November Permits Show Housing Continues to Improve in Metro Area

Housing production continues to outpace the years since 2008 in cities across the Greater Kansas City Metropolitan Area. The trend through November continues up as reflected in the monthly average of single family permits. In 2012 that average was 274 compared to 2011 with 192, 2010 with 207, 2009 with 180, and 2008 with 269. Single family permits in November were higher than the yearly average to date and totaled 283 for the best November since 2007. Multi-family housing production continued to climb with 332 permits of which 302 were in Grain Valley, Missouri and 30 in Paola, Kansas, according to the Home Builders Association of Greater Kansas City’s (HBA) monthly Residential Building Permit Statistics report.

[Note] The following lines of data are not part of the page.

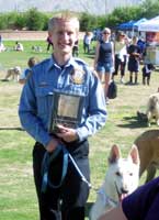 | ![]() Jaeger (formerly Mikey) and his family attended a Police K9 benefit in Tucson this past week with mom Karen and brother Mark, who is a Junior Police Explorer. Jaeger and Mark won the Owner/Dog look-alike contest! APRIL 2012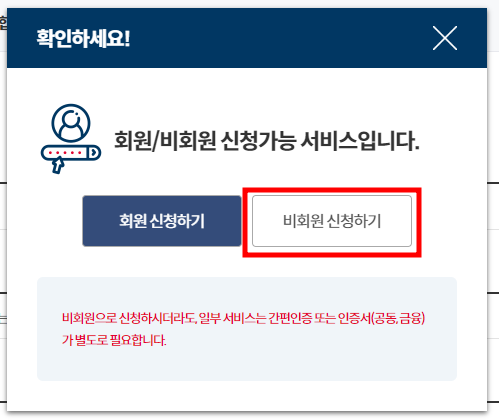 저는 비회원 신청하기 버튼으로 진행해 보겠습니다.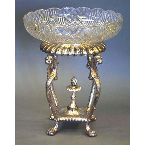 CUT GLASS BOWL AND SILVER CENTER STAND with lions height: 15"
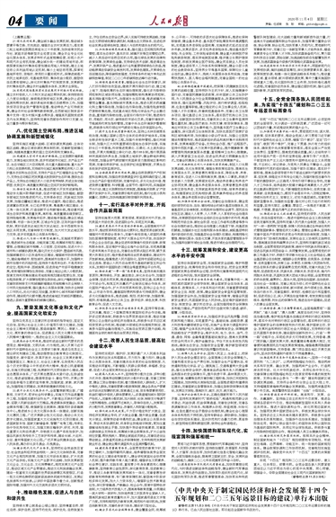 第十四个五年规划和二〇三五年远景目标的建议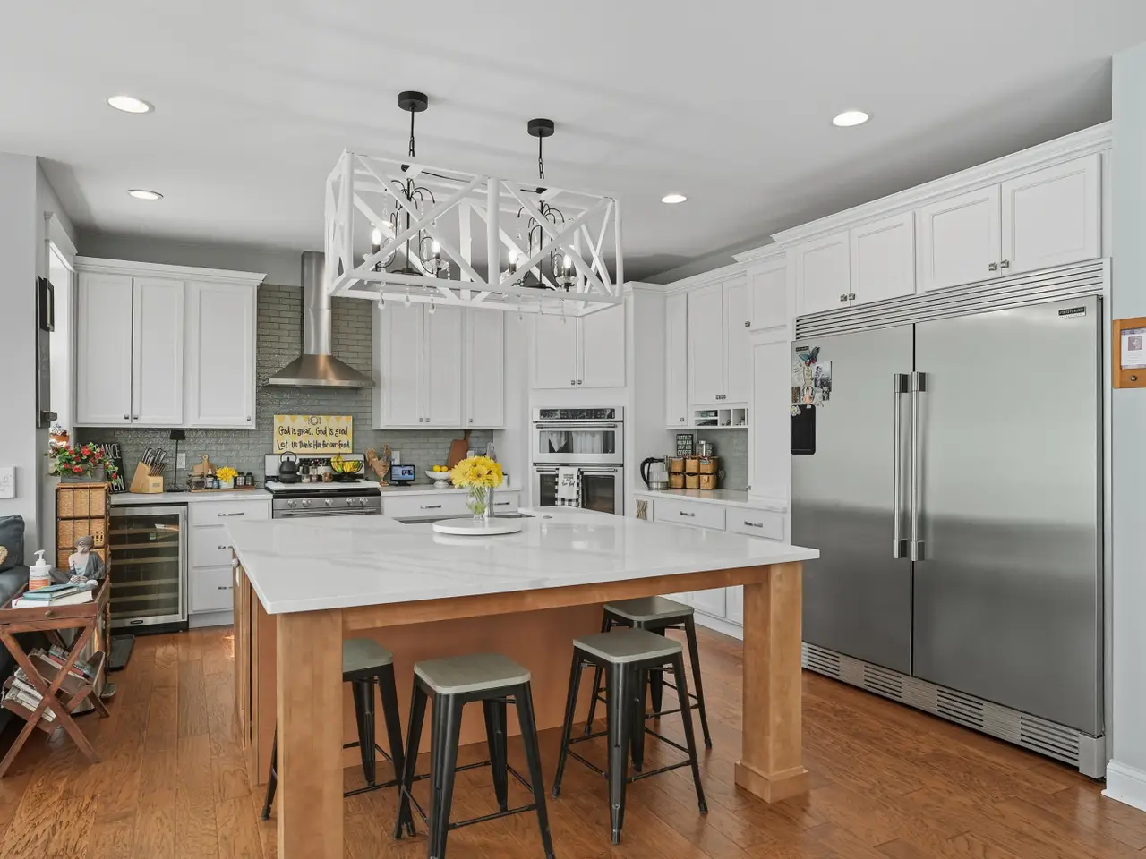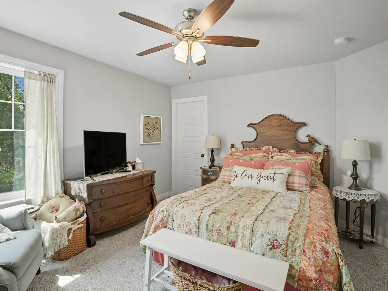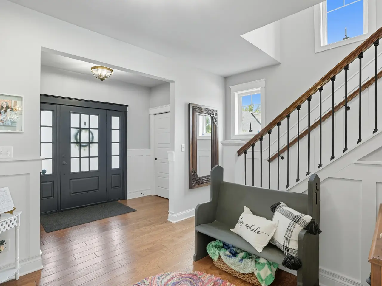 Welcome to this exquisite custom-built two-story home, perfectly situated on a serene .88-acre cul-de-sac lot, offering a peaceful and private wooded view that creates a tranquil atmosphere. As you approach the residence, you'll be greeted by a charming covered front porch, ideal for relaxing with a morning coffee or enjoying evening sunsets. Step inside to find an inviting foyer that seamlessly leads you into the great room, which features a stunning fireplace that adds warmth and ambiance, perfect for cozy evenings with family and friends. This space boasts a perfect blend of elegance and comfort. The open-concept kitchen is a culinary delight, featuring an oversized island that provides ample seating for gatherings, a spacious walk-in pantry, and a convenient mudroom. Sunlight floods the four-season room through an abundance of windows, creating a bright, airy space that's perfect for year-round enjoyment. The luxurious master suite is a true retreat, complete with an enormous walk-in closet, additional storage closets, and a spa-like master bathroom, ensuring your comfort and relaxation. The home also features three generously sized additional bedrooms and a well-appointed full bathroom, making it perfect for family living or entertaining guests. The main level is adorned with beautiful hardwood floors, adding warmth and sophistication. Step outside onto the expansive maintenance-free deck that wraps around the back of the home, complete with a powered awning to provide shade when desired, perfect for outdoor dining and entertaining. The professionally landscaped yard is nothing short of stunning, anchored by an inviting inground pool that serves as the focal point of the outdoor space. This backyard oasis features a cozy fire pit and a charming playhouse, coupled with ample grassy areas for hosting gatherings with friends and family. Unfinished basement is roughed in for future bath and finishing. 3.5 car garage is perfect for all your storage!

“The Metro area has avoided the slide that occurred in the fourth quarter of the last three years,” said Executive Vice President Sara Corless. “By all accounts the home building industry is continuing to improve which is an important signal of stability amidst the slowly emerging recovery. The main thing that’s still limiting progress is the difficulty that potential buyers continue to experience with regard to overly tight mortgage qualifying standards.”

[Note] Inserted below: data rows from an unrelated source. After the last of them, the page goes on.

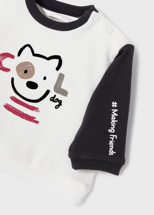 Sudadera de manga larga para recién nacido. Cierre con botones a presión en el hombro para facilitar la puesta de la prenda.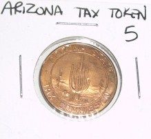 Arizona State TAX TOKEN 5 SALES TAX PAYMENT *RARE MS HIGH GRADE - NICE TOKEN*!! ***Coin, Currency & All Items Listed in this auction - Grades, Conditions and Values are not Safe Deposit Coins LLC Responsibilty. Grades, Condition and Values are determined by Consigner(s) & Buyers ONLY***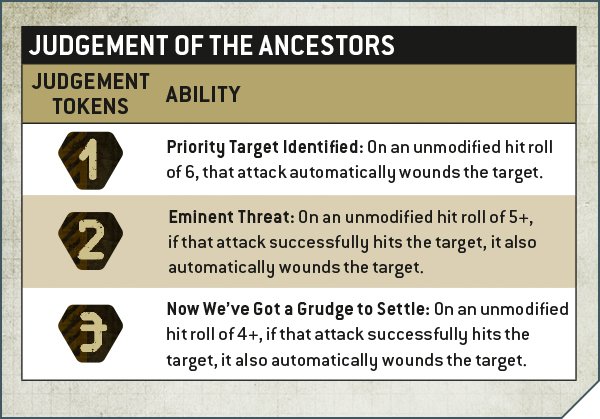 Both of these abilities are strong right out of the gate, and the Ancestral Judgement doesn't hold back either. This ability makes attacks against units that have Judgement Tokens count as having one more than they actually have for the purposes of the attack. So have 2 tokens on a unit, counts as the big 3 for units attacking it, big benefit.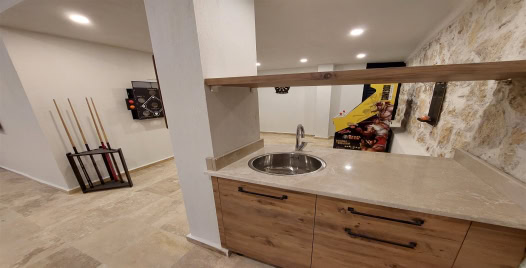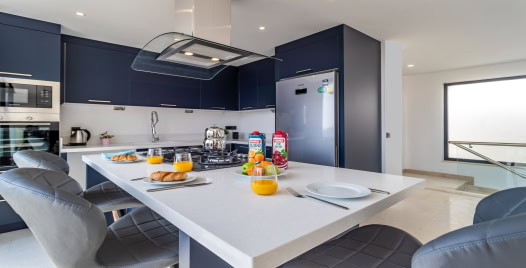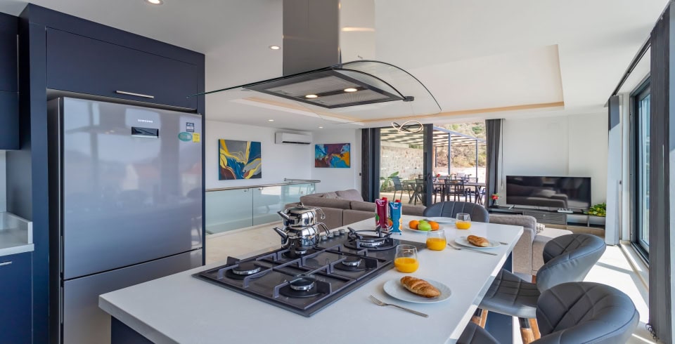 Mutfak: Son teknolojik mutfak aletleri ile dizayn edilmiş modern Amerikan tipi mutfakta yemek masası ve sandalyeler, fırın, mikrodalga kişi sayısı kadar yemek takımı, tost makinesi, tava, çay-su bardakları, tencereler ve çatal bıçak takımları mevcuttur.

The share of new permits per county has remained relatively unchanged since 2011 with Johnson County at 38 percent, Clay County at 20 and Jackson County with 18 percent. Platte County’s number of permits issued has the highest percentage increase doubling over last year with 314 permits in 2012 compared to 157 in 2011. Cities in the top ten year to date include Kansas City, Missouri with 567, Olathe with 397, Overland Park with 332, Lee’s Summit with 258, Platte County with 153, Shawnee with 129, Lenexa with 114, Kansas City, Kansas with 100, Blue Springs with 82, and Leawood with 68.